PROMPT: Below are the records; give again exactly the lines from the one containing "A creamy, spicy" through the one containing "Stojak na monitor", leaving out pictures.

TASK MATERIAL:

----

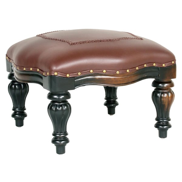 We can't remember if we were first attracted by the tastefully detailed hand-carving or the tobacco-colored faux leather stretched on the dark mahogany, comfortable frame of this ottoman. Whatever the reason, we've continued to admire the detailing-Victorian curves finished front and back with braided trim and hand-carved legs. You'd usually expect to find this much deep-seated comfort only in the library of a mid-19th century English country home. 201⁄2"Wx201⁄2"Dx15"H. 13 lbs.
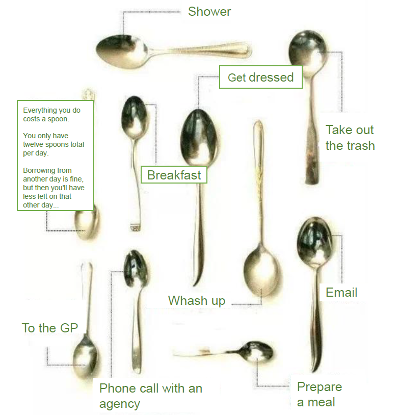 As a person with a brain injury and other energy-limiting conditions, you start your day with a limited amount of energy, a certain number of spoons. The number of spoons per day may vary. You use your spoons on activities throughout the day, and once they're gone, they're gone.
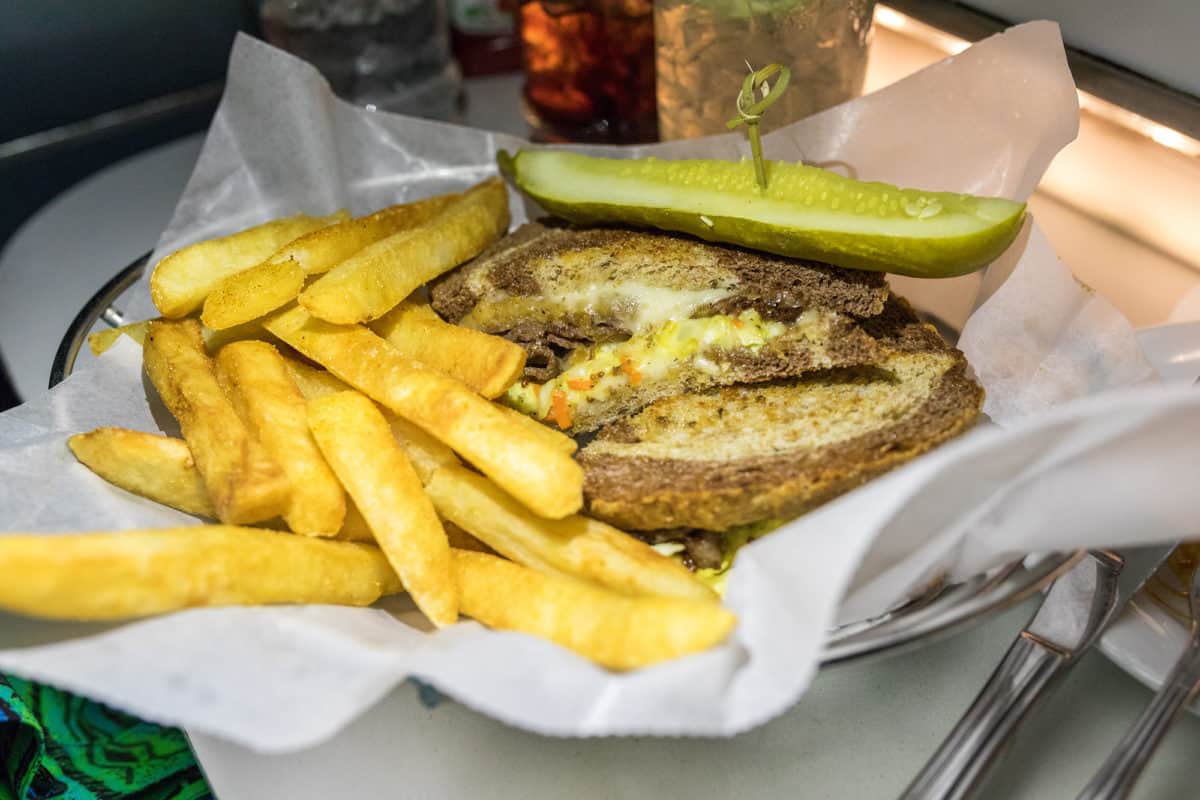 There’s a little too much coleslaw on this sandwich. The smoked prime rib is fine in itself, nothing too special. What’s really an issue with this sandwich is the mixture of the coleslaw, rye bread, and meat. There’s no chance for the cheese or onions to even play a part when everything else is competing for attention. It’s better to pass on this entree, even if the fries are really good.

----

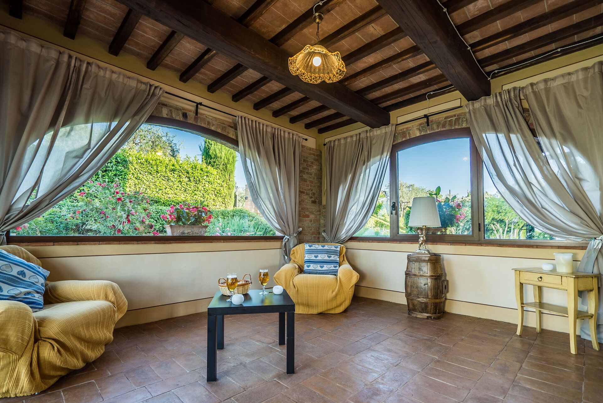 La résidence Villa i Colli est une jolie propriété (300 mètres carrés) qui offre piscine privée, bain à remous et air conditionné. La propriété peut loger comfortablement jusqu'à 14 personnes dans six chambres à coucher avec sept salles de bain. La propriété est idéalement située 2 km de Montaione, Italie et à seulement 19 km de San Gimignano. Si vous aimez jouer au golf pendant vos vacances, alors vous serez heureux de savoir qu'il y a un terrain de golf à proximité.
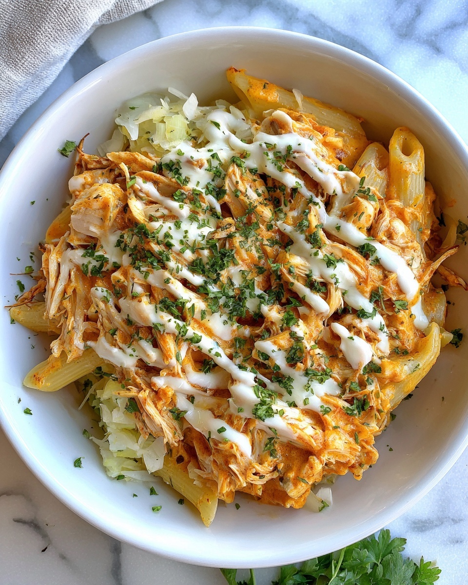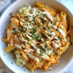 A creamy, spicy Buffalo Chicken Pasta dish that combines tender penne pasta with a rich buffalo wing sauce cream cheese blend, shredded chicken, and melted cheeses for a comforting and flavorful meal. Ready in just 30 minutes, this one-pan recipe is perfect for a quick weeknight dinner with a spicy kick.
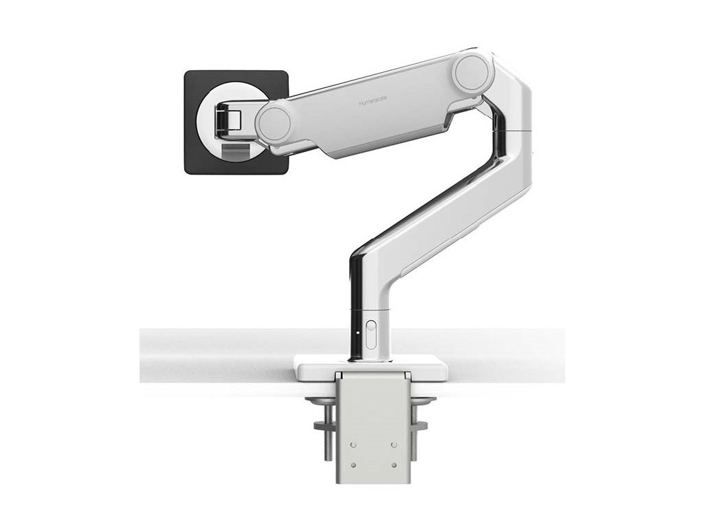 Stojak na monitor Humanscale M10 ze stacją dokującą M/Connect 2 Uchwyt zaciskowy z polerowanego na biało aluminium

----

ANSWER TO THE PROBLEM:
 A creamy, spicy Buffalo Chicken Pasta dish that combines tender penne pasta with a rich buffalo wing sauce cream cheese blend, shredded chicken, and melted cheeses for a comforting and flavorful meal. Ready in just 30 minutes, this one-pan recipe is perfect for a quick weeknight dinner with a spicy kick.
 Stojak na monitor Humanscale M10 ze stacją dokującą M/Connect 2 Uchwyt zaciskowy z polerowanego na biało aluminium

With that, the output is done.